§ Dataset section
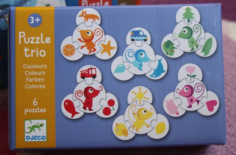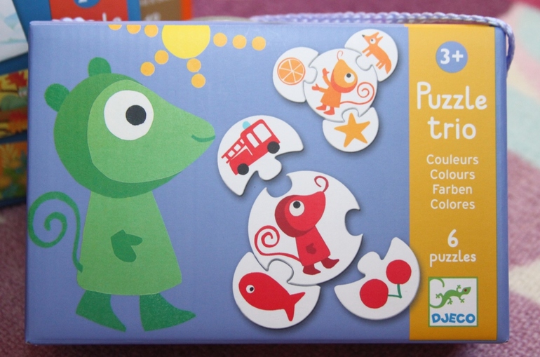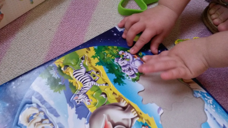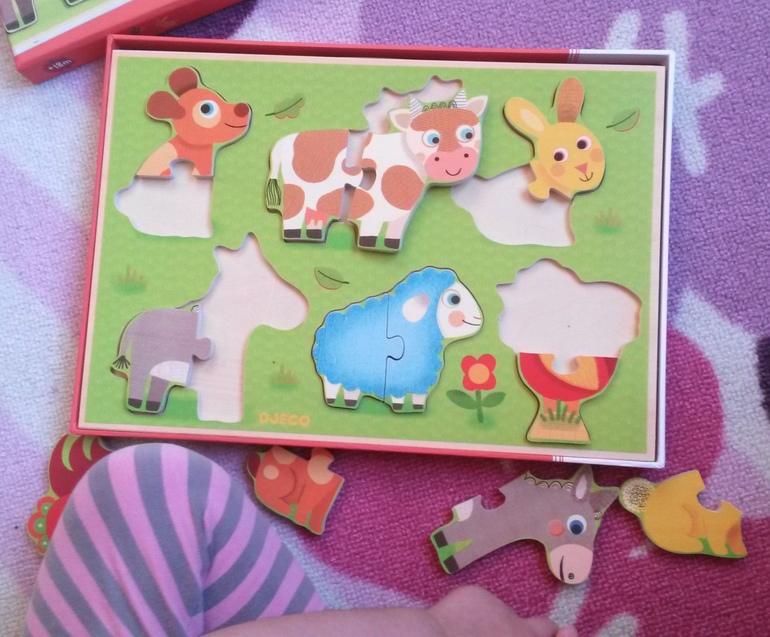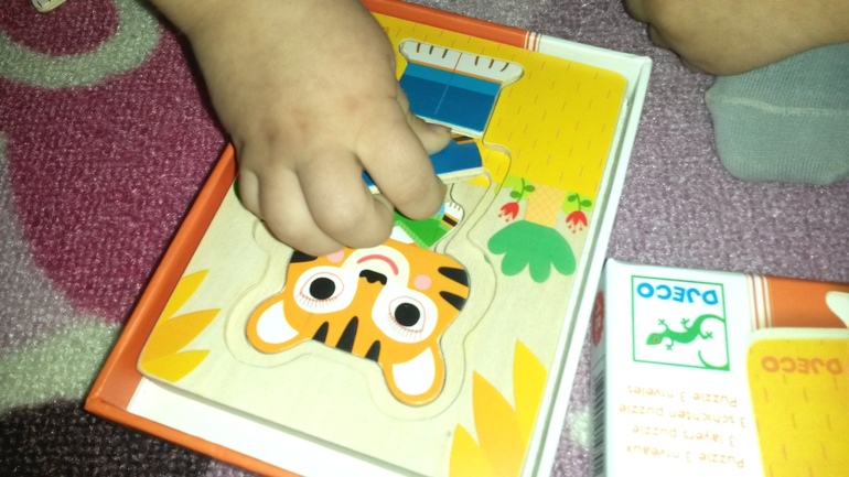 1. После пазлов-вкладышей в 1 г 5 мес мы перешли к трехслойным пазлам Djeco. Процесс у Веры пошел сразу же, думаю можно было и пораньше пробовать начинать.
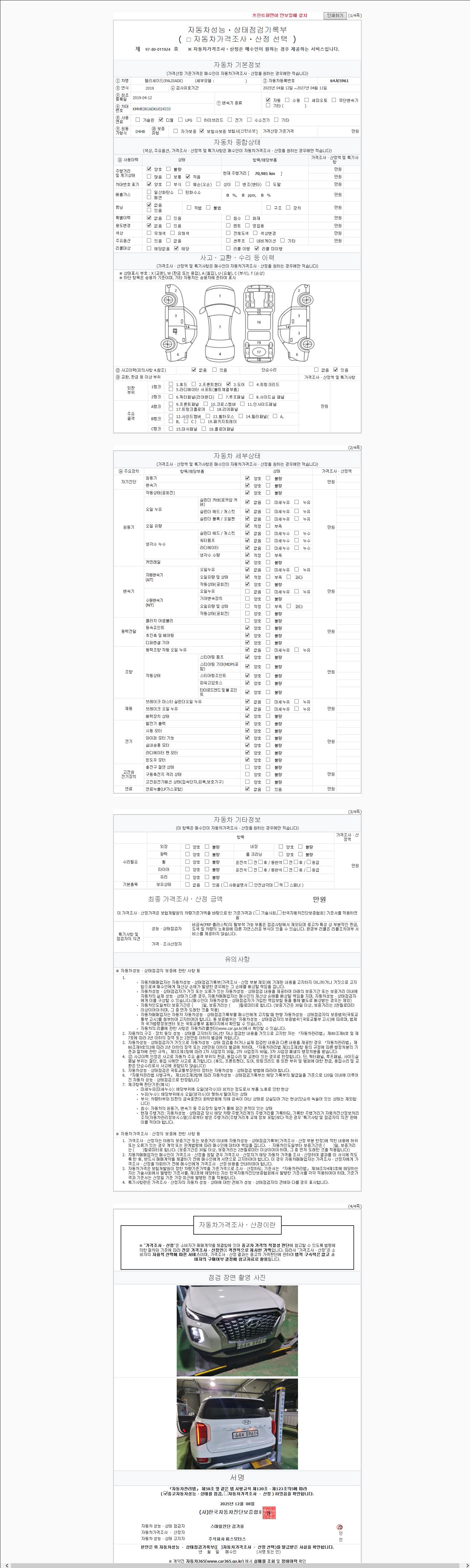 | 사고유무 | 성능기록부 참조 | 제시번호 | 제 2025040801 호 |
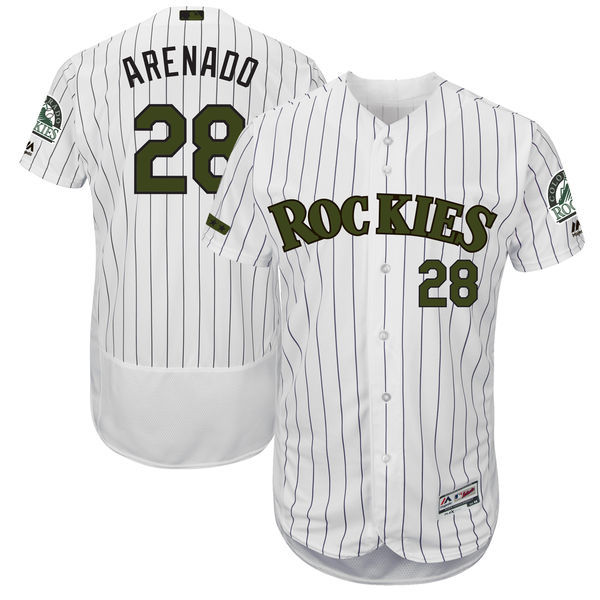 Men’s Colorado Rockies #28 Nolan Arenado Majestic White 2017 Memorial Day Authentic
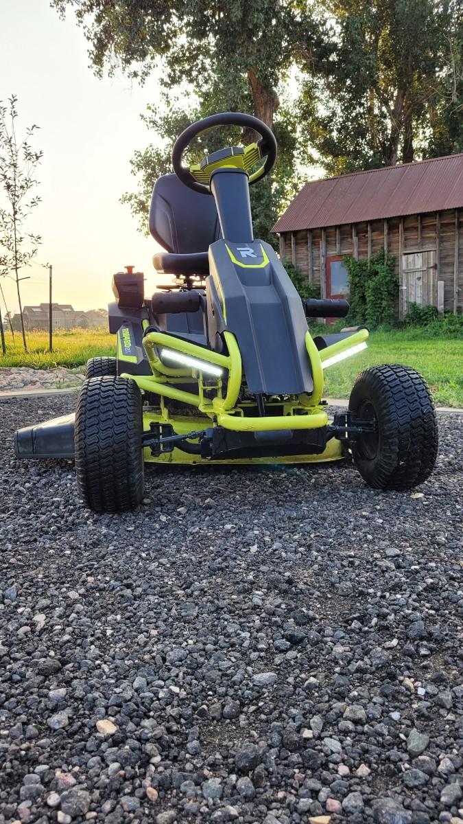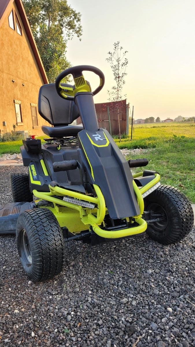 Get a green alternative to a traditional riding lawn mower with the RYOBI 48-Volt Riding Lawn Mower. Instead of traditional gas it is powered with 100Ah lead acid batteries that offer two and a half hours of run time. It is quiet and emits 70 dB to allow for mowing without disturbing your neighbors. It's also equipped with LED headlights, a USB phone charger and a cruise control feature. Get a clean, level cut with the 38 in. 2-blade deck with a 12-position manual adjustment. The rear access charging port makes charging your rider easy when the job is done.

§ Problem statement
Each line from the one containing "Men’s Colorado Rockies" through the last line of the listing is to be given again exactly, with no pictures and no other lines.

§ Solved exercise
 Men’s Colorado Rockies #28 Nolan Arenado Majestic White 2017 Memorial Day Authentic
 Get a green alternative to a traditional riding lawn mower with the RYOBI 48-Volt Riding Lawn Mower. Instead of traditional gas it is powered with 100Ah lead acid batteries that offer two and a half hours of run time. It is quiet and emits 70 dB to allow for mowing without disturbing your neighbors. It's also equipped with LED headlights, a USB phone charger and a cruise control feature. Get a clean, level cut with the 38 in. 2-blade deck with a 12-position manual adjustment. The rear access charging port makes charging your rider easy when the job is done.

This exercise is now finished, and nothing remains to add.